Nuclear power station
- Reactor type: CAP1000

Power generation

= Xianning Nuclear Power Plant =

Planned nuclear power plant in Hubei Province, China

The Xianning Nuclear Power Plant (咸宁核电站), also named Dafan Nuclear Power Plant (大畈核电站), is planned in Dafan Town, Tongshan County, Xianning, Hubei Province, China. It is planned to host at least four 1,250-megawatt (MW) AP1000 pressurized water reactors.

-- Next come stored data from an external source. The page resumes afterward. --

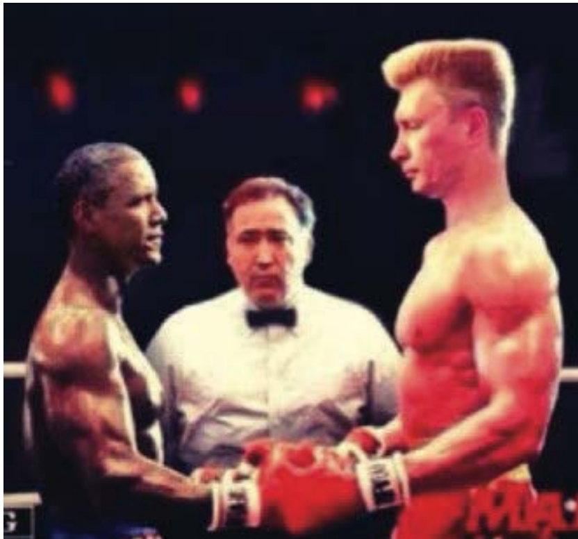
Figure 1 An example of the Internet meme that compares Vladimir Putin and Barack Obama to the characters of Rocky IV (1985).

Curiously, during the 2011-12 anti-government protests in Russia, many memes from the Facebook resistant groups, transferred to the offline posters of the activists in Moscow and St Petersburg. This example shows that, when
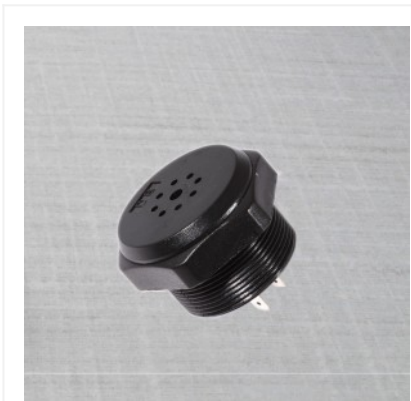
PIEZO ELECTRIC ALARM WITH INTERNAL CIRCUITRY
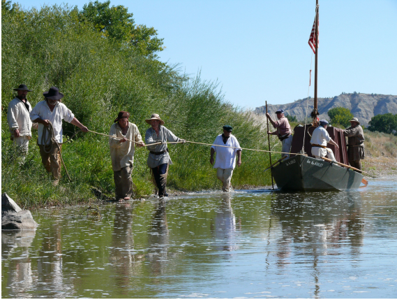
Manuel Lisa Party “cordelling” the General Ashley up the Missouri River (2008).

When the boat was being cordelled there stood at the bow, near where the bridle was attached, an individual called in French a bosseman (boatswain’s mate), whose duty it was to watch for snags and other obstructions, and to steer the boat by holding it off the bank with a pole. This man was selected for his great physical strength, prompt decisions, and thorough knowledge of the river. The patron , or master of the boat, stood at the rudder, which was manipulated by means of a long lever from the rear end of the cargo box. This position gave him an elevated point of view, from which he could overlook everything.
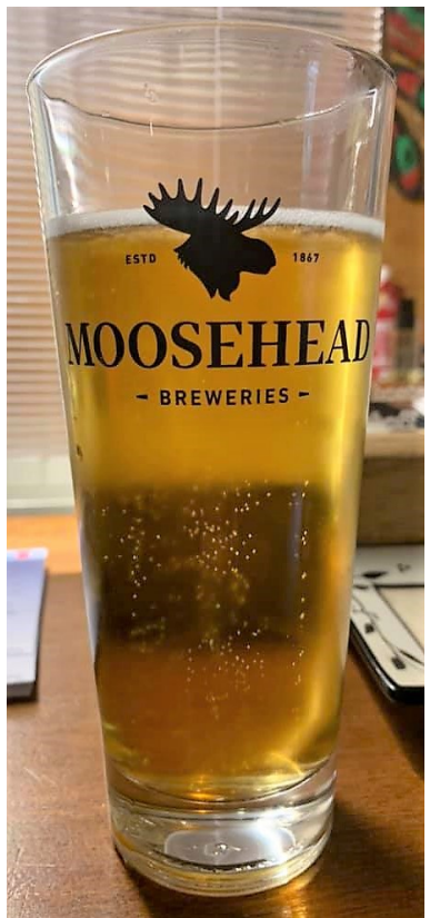
A little (?) lager.
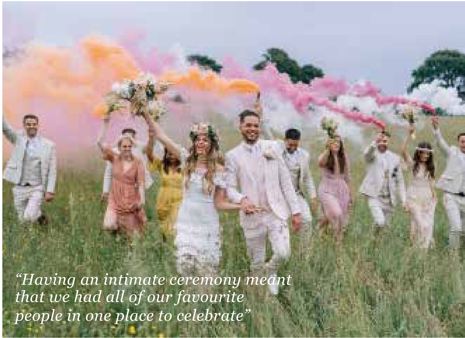
“Having an intimate ceremony meant that we had all of our favourite people in one place to celebrate”
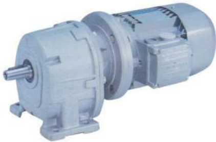
AS Series In-line Helical Gear Motors
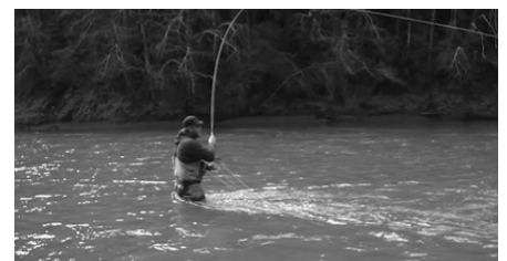
Fly fisherman on the Hoh. Prop. W n S River Lateral Line Media.

The Hoh is one of the great western rivers, renowned for its wild salmon, wildlife, and its world-class temperate rainforest. The new recreation and conservation area is a successful example of restoration and non-motorized recreation complementing the upstream protection offered by Olympic National Park.

The plant is owned by Hubei Nuclear Power Company, a joint venture of China Guangdong Nuclear Power Group (CGNPC) and Hubei Energy Group Ltd.
The cost of four AP1000 reactors is put at CNY 60 billion (US$8.8 billion).
Work on the site began in 2010; the first reactor was planned to start construction in 2011 and go online in 2015.
While the project is still listed as "planned", construction of the first phase has yet to start as of 2023.

==Reactors==

| Unit | Type | Construction start | Operation start | Notes |
|---|---|---|---|---|
| Xianning 1 | CAP1000 |  |  |  |
| Xianning 2 | CAP1000 |  |  |  |

The plant is described as the first nuclear power plant to be built in China's inland regions (i.e., not near the sea coast). The plant is expected to use the water of the Fushui Reservoir for cooling and various ancillary purposes.

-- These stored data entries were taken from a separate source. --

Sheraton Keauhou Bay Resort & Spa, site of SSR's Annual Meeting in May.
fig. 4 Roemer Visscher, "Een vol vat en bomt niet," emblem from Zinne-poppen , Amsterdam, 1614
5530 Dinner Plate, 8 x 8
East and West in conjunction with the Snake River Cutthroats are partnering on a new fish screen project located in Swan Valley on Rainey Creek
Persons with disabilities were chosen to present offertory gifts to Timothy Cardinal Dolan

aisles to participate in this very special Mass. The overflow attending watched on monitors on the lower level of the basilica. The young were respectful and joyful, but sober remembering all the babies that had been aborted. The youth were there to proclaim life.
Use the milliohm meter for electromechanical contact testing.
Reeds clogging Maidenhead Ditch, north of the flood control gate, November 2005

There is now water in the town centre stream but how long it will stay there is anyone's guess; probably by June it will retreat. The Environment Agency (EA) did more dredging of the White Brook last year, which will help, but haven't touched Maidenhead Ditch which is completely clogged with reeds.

The station's four cooling towers, some of the largest in the world, will have the base diameter of 169 m and the height of 209 m.

==Transportation access==
There are no railways or navigable waterways within the station's vicinity. (The Fushui River is not navigable.) In order to facilitate the delivery of heavy equipment (such as the reactor pressure vessels or electric generators) to the construction site, a major highway construction and upgrade project is being undertaken. The so-called Xianning Nuclear Plant Site Large Equipment Transport Road (咸宁核电厂大件运输公路) will connect the station's construction site with the Panjiawan Harbor (潘家湾港) on the Yangtze River in Jiayu County. The road, which will include sections of existing roadways as well as newly constructed sections, will be 102.1 km long. The road will include a newly constructed 366 m long, 9 m wide overpass over the Beijing–Guangzhou Railway, designed to carry loads of up to 930 tons.